EXERCISE DESCRIPTION: Reproduce, exactly, the lines of the material below from the line containing "Students of a" through the line containing "M12 sealing cap", with both end lines included and nothing else.

[[ RECORD EXCERPTS open ]]

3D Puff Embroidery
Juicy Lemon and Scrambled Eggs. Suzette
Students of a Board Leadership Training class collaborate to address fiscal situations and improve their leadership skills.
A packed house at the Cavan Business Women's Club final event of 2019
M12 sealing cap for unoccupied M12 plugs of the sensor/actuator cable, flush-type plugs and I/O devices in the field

[[ RECORD EXCERPTS closed ]]
[[ RECORD EXCERPTS open ]]

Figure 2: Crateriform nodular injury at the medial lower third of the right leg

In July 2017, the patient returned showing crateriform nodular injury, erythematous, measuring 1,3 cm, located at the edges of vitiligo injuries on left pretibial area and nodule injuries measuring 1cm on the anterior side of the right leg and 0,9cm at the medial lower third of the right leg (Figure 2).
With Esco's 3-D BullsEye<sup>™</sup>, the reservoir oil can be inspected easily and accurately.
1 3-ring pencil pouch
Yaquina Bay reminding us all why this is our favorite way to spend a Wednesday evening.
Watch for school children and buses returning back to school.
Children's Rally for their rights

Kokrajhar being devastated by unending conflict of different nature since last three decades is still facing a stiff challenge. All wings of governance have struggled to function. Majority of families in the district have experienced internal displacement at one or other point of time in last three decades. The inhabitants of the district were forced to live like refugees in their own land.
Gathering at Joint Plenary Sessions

[[ RECORD EXCERPTS closed ]]

SOLUTION TO THIS EXERCISE:
Students of a Board Leadership Training class collaborate to address fiscal situations and improve their leadership skills.
A packed house at the Cavan Business Women's Club final event of 2019
M12 sealing cap for unoccupied M12 plugs of the sensor/actuator cable, flush-type plugs and I/O devices in the field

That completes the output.